She mentioned how being the most confident woman in the room can attract your godly man, and how you want a man with “swag.” Here’s what she didn’t realize she actually did: she created a straw-man of what a godly guy is. She put all of God’s sons into a box that fit HER type and is trying to use what worked for HER in getting HER man for YOU and YOUR future man. But not every man exudes “swag” which, in my opinion, can be anything from cockiness, to worldliness, to being fashionable, or metro-sexual.
Not every man of God has “swag” and not every woman of God likes “swag.” Some women of God like farmer-types, or biker-types, or geeky-types, which, even types shouldn’t matter as much as his godly character should.
Not every man is attracted to super confident, out there, loud or whatever she means by “the most confident woman in the room.” Some men are drawn to quiet, mysterious women. Some men are attracted to a woman who doesn’t even realize how beautiful she is. Some men like the Ruths who are sweaty and dirty, serving the Lord out on the ministry field. You don’t have to do X,Y,Z methods, or change your personality and appearance to attract a godly husband.
“Charm is deceitful and beauty is passing,
But a woman who fears the Lord, she shall be praised.”-Proverbs 31:30
I have met married women who are so humble, so gentle, and certainly don’t come across as “the most confident woman in the room,” and their husbands ADORE them.
So if you are not supremely confident, or extroverted, don’t beat yourself up or think you’re doing the wrong things and that’s why no man has noticed you.
What if you haven’t received a godly husband yet because you haven’t attained “godliness with contentment?” Or haven’t been faithful with the little God has given you, so He is waiting until your faithful to give you more (a husband and a family)? Or what if God prefers you to be single?
At the end of the day, the most important thing is just being content in Christ alone–your Spiritual Husband–before receiving an earthly husband. Because if you aren’t content with Christ, what makes you think you’ll be content with an imperfect, broken son of His?
My advice: learn to be content and thankful. Don’t covet what you don’t have, but be grateful for all that you do have. Be open to God’s will and whether He wants you to be married or not, always remember:
“Don’t copy the behavior and customs of this world, but let God transform you into a new person by changing the way you think. Then you will learn to know God’s will for you, which is good and pleasing and perfect.”-Romans 12:2
I LOVE this man. No, I don’t know him personally, but ladiessssss, he just killed this point (in a good way): “We keep telling the Christian women to wait and not telling the Christian men to pursue! If you plan to lead in marriage, lead in the pursuit!”

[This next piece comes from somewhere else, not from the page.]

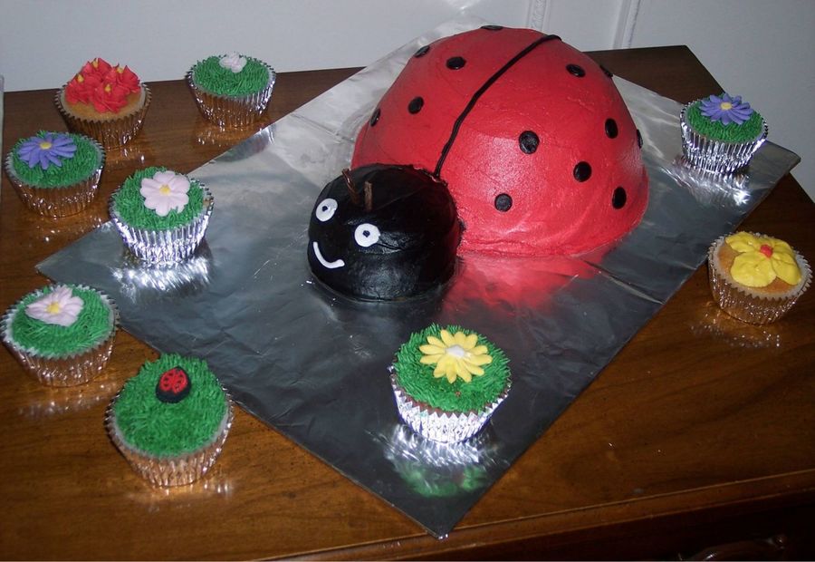 There are 3 cakes and cupcakes on one table for this birthday party for 4 kids. The Ladybug, Lightning McQueen, & a yellow flower. All surrounded by the cupcakes. All BC. The mini ladybugs are sugar candies.

Trust me sisters, this is a worthy watch! He has some GREAT advice! Hopefully, the men watch this, too.
Did you watch it? Tell me what you thought of his advice in a comment.
What if Jesus spoke to you and said, “Daughter, you are free to marry a son of mine, but My plan for you is to be single so you can serve Me without distraction, and if you take up this cross, I will be able to use you more in bringing many to Myself.” What would you choose?
Sometimes, we believe the lie that we NEED a husband. As daughters of God, we don’t NEED anyone, but Him.
The woman caught in adultery and the woman at the well thought they needed validation and affection from a man, but after their encounter with the Perfect God-Man, Jesus, they focused on following Him. Many of the women who followed Jesus appeared to be single, including Mary Magdalene. Did she marry after His death? I don’t know. But given the testimony about her, and her witness in Scripture, I won’t be surprised if she never did marry. Yet, she is forever recorded in history as a faithful follower of Jesus who loved Him and was worthy to be remembered throughout all of the ages.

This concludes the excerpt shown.